A key component of an unconventional reservoir development is 3D characterization. A necessary precursor for any seismic inversion work is an inversion feasibility study. We shall demonstrate a best practice inversion feasibility workflow that has several key components: regional geology, petrophysics, rock physics, and geophysical analysis. The study shows an integrated approach using spatially diverse well data to cover the entire Delaware Basin, focusing on Avalon and Bone Springs formations. The results show the ranking of petrophysical properties that contributes to the changes in elastic properties. A good relationship was established between TOC, vclay and porosity to elastic logs using both conventional and unconventional RPMs. A class-IV AVO response was observed in the Avalon formation. Finally, our analysis showed that a depth trend based 1D Bayesian classification using bandlimited log data was able to separate organic rich high TOC facies from siltstones and carbonates. To conclude, an integrated approach involving geology, petrophysics, rock physics and inversion feasibility study increased our understanding of the basin and set path for further analysis. The results from inversion feasibility can be used to understand what facies and how much resolution can be resolved from an inversion which is further used to guide the drilling direction and landing zones. The workflow outlined in this study potentially can lead to a 3D inversion analysis, reservoir property estimations from seismic, TOC mapping and finally for finding sweet spots and better drilling/landing zones in the subsurface.

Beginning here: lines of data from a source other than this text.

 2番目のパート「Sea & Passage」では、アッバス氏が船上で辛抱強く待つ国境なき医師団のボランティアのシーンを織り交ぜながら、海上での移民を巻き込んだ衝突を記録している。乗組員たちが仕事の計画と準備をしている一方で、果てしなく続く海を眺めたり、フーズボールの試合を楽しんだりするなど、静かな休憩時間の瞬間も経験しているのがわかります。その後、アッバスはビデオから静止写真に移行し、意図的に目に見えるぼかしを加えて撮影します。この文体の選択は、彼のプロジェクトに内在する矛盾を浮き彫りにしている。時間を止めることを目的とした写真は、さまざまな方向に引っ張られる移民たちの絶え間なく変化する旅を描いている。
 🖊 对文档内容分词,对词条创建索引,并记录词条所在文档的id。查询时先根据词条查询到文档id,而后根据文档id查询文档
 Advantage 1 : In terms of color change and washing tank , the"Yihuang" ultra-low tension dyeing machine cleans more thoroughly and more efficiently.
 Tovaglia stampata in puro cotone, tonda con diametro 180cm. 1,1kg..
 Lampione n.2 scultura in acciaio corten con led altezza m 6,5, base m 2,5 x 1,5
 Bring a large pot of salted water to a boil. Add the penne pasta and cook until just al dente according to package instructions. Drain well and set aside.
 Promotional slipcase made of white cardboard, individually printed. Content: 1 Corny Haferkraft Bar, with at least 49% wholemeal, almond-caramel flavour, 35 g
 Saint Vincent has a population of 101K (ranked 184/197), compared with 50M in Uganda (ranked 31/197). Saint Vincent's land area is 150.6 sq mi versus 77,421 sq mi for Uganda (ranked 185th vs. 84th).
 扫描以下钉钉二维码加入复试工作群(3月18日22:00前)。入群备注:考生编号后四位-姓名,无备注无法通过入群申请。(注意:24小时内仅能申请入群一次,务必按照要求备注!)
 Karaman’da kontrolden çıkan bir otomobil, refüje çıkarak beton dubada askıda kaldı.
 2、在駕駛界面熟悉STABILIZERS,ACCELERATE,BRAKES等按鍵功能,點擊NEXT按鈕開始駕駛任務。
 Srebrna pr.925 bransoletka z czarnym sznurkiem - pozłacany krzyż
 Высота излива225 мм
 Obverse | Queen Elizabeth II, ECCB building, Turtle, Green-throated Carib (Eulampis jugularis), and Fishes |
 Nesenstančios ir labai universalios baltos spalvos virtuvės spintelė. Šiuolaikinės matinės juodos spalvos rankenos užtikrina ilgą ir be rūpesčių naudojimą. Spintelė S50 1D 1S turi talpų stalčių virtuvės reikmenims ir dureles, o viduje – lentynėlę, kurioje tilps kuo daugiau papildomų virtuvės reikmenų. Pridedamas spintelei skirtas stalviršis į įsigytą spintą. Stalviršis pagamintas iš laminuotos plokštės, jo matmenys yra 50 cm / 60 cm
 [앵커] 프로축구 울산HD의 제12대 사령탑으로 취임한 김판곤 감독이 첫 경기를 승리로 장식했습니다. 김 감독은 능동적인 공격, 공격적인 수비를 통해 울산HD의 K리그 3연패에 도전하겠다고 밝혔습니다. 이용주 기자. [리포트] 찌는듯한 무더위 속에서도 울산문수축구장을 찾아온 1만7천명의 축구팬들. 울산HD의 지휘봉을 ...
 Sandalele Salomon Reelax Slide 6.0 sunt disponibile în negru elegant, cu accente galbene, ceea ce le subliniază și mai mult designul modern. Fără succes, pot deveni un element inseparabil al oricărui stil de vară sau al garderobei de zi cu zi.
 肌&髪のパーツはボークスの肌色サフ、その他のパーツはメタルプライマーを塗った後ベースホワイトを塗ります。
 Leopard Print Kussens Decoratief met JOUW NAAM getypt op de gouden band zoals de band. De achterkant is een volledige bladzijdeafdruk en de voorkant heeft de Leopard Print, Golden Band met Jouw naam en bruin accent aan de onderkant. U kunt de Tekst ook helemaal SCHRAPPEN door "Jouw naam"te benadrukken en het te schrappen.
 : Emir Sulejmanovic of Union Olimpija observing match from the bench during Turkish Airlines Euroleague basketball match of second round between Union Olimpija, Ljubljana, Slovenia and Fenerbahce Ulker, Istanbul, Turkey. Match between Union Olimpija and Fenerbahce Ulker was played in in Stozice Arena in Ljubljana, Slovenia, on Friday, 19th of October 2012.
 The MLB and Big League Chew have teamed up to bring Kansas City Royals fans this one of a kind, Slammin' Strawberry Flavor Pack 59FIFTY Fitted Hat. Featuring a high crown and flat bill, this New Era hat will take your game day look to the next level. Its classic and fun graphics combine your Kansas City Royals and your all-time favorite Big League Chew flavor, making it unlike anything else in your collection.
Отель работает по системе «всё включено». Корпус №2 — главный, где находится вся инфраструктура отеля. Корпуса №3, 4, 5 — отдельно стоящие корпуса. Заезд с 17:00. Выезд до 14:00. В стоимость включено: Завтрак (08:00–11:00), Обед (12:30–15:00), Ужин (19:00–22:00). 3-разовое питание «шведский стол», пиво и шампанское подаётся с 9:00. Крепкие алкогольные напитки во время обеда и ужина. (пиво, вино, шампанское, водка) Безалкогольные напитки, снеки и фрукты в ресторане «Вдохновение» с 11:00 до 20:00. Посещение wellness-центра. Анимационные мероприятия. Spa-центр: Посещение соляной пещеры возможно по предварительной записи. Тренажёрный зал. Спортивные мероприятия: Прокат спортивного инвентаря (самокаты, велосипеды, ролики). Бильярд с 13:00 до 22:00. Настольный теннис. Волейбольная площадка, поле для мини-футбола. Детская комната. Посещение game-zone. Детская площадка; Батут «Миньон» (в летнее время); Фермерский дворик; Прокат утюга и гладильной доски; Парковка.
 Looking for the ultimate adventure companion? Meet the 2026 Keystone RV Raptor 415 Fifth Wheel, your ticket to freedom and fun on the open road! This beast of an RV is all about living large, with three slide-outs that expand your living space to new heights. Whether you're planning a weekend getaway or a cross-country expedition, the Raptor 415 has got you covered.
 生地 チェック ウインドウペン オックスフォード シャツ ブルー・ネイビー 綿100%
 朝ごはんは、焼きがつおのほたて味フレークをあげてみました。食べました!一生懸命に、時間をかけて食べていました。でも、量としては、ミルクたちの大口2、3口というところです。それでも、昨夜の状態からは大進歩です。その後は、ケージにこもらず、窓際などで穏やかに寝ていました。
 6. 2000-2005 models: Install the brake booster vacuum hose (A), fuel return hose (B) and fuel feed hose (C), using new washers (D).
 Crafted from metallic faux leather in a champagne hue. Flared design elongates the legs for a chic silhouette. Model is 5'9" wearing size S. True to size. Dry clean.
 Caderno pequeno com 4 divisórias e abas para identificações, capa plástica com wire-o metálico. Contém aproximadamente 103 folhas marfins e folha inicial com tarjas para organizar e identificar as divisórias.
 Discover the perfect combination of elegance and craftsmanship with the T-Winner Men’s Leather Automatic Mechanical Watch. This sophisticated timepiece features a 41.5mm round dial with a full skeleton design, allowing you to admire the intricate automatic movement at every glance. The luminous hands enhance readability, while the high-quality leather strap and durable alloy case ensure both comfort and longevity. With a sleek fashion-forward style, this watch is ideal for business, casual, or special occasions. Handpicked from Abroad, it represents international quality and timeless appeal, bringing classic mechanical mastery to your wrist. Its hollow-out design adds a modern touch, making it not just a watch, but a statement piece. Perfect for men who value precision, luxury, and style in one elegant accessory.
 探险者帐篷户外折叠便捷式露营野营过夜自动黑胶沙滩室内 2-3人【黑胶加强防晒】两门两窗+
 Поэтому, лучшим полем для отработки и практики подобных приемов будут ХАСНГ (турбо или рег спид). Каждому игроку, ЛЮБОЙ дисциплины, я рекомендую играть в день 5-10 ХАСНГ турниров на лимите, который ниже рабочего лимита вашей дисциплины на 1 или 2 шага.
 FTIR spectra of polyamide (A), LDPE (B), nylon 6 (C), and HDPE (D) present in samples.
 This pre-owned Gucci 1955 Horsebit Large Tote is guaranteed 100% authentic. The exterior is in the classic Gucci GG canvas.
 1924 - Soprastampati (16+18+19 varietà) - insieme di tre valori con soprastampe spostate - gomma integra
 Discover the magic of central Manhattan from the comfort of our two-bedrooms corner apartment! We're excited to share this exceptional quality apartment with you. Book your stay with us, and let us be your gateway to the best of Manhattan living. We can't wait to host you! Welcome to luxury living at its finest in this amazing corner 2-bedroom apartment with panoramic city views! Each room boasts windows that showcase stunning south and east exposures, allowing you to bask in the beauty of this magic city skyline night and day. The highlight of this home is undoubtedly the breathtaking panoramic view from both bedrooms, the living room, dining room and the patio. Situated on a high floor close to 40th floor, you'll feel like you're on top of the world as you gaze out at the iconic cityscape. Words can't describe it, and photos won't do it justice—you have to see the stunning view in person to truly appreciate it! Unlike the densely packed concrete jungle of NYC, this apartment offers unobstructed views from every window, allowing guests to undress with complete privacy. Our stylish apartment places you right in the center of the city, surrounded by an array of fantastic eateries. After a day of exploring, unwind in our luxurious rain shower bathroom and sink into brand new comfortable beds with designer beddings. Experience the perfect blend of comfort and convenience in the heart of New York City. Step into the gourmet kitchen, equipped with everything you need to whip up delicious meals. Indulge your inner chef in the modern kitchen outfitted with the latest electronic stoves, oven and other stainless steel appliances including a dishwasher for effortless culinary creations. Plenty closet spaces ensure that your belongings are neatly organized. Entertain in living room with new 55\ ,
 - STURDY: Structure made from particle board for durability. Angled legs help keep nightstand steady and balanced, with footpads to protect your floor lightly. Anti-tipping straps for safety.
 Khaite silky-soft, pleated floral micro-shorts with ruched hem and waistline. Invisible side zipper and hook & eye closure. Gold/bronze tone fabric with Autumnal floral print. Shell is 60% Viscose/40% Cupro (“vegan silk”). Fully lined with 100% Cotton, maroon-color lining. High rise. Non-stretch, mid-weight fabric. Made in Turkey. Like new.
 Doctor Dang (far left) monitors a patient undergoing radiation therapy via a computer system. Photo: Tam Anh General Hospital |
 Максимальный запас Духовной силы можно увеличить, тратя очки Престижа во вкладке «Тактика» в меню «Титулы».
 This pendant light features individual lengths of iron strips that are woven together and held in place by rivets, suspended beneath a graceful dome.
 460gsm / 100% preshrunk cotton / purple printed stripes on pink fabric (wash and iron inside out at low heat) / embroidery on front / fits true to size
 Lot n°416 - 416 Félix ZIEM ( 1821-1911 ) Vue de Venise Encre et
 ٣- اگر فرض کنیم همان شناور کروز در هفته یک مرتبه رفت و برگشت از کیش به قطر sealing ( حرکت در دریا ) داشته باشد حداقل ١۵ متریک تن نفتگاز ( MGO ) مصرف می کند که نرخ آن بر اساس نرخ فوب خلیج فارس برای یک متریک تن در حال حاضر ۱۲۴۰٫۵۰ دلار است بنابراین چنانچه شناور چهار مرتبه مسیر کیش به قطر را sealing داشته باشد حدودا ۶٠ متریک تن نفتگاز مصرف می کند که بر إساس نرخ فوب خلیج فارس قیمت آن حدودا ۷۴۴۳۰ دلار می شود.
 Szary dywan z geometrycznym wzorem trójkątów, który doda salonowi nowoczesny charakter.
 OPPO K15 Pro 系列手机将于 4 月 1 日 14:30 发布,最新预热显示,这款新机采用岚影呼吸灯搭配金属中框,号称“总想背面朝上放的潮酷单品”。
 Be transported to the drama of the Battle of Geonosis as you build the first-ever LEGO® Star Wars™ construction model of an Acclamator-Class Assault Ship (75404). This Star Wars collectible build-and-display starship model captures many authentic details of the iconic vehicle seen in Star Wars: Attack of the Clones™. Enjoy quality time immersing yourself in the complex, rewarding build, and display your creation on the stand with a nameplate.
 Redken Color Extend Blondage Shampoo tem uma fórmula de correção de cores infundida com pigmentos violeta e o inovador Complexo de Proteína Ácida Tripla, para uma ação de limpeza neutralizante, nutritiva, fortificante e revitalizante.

Unconventional oil and gas production have increased dramatically in the last decade, and in the U.S., the Permian Basin is the most prolific of all the basins. The Delaware Basin located in the western part of the Permian Basin has become one of the most active drilling sites with multi-stacked plays (Mire et al. 2017). Most of the production comes from the Permian-aged Avalon, Bone Springs and Wolfcamp formations. These formations are comprised of a heterogeneous mixture of organic rich mudrocks, siltstones and carbonates (Nester et al., 2014). Due to the complex nature of these rocks, it is advantageous to understand and extract useful information from available data resources from all disciplines. Hence, a collaboration to perform an integrated approach between different disciplines is crucial to effectively find solution for complicated technical challenges in the Delaware Basin (Hoang et al., 2019; Anantharamu and Del Moro, 2019).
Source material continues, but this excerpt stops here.